Another critical filter we apply is around patient activity. We typically only include patients who have at least one claim in each semester of each year covered in the analysis. This ensures we’re working with patients who are consistently captured in the dataset, which is essential for persistence and compliance studies. If a patient drops off the data due to insurance changes or data capture issues, we don’t want to misinterpret that as therapy discontinuation.

At this point, we have a robust cohort of patients diagnosed with the target condition, who received relevant treatments, and who are active in the dataset over time. This dataset becomes the foundation for a wide range of insights.

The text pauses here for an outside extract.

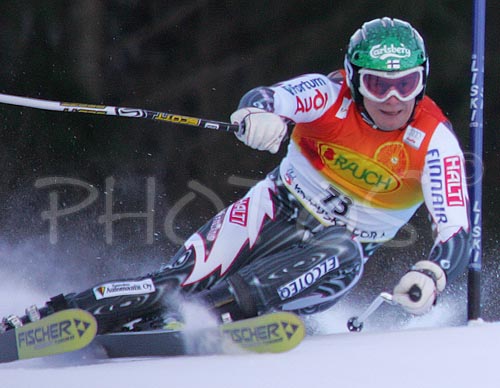 : Jukka Rajala of Finland skiing during FIS World Cup race in Kranjska Gora, Slovenia. Race was won by Benjamin Raich of Austria, Massimilian Blardone of Italy placed second, while Thomas Grandi of Canada finished third.

From Data to Strategy: How Analytics Informs Commercial Decisions

We can analyze the market landscape by looking at how many new patients started on each therapy during the study period, or how the total patient share for each brand evolved over time.
We can break down drug usage by patient demographics like age and gender, or understand how usage varies by prescriber specialty.
We often explore switching behavior to identify whether patients are moving between drugs within the same class or switching to an entirely different treatment modality and how quickly that switch occurs.
Another frequent area of analysis is the class of trade of healthcare organizations associated with prescribers and whether they are hospital-affiliated, group practices, or individual providers.
We also analyze the payer mix, slicing the data by commercial, Medicare, Medicaid, or other payer types using either the primary payer field or book of business indicators.
Finally, we get into persistence and compliance. Using methods like gap-based persistence or proportion of days covered (PDC), we quantify how long patients stay on therapy and how adherent they are.
These metrics are often used in internal performance benchmarking, payer discussions, or even promotional strategy refinement.

Final Thoughts: Real-World Data as a Strategic Asset

Bringing all this together, the goal is to convert raw data into clear, actionable stories. Whether it’s informing sales strategy, refining access models, or guiding future launch planning, commercial pharma analytics provides the evidence base behind many business-critical decisions. Real-world data has its limitations, there’s noise, missingness, and assumptions, but when used thoughtfully, it offers unparalleled visibility into how medicines are used in the real world. And for those of us working at the intersection of analytics, business, and healthcare, it’s both a challenge and a privilege to uncover those insights.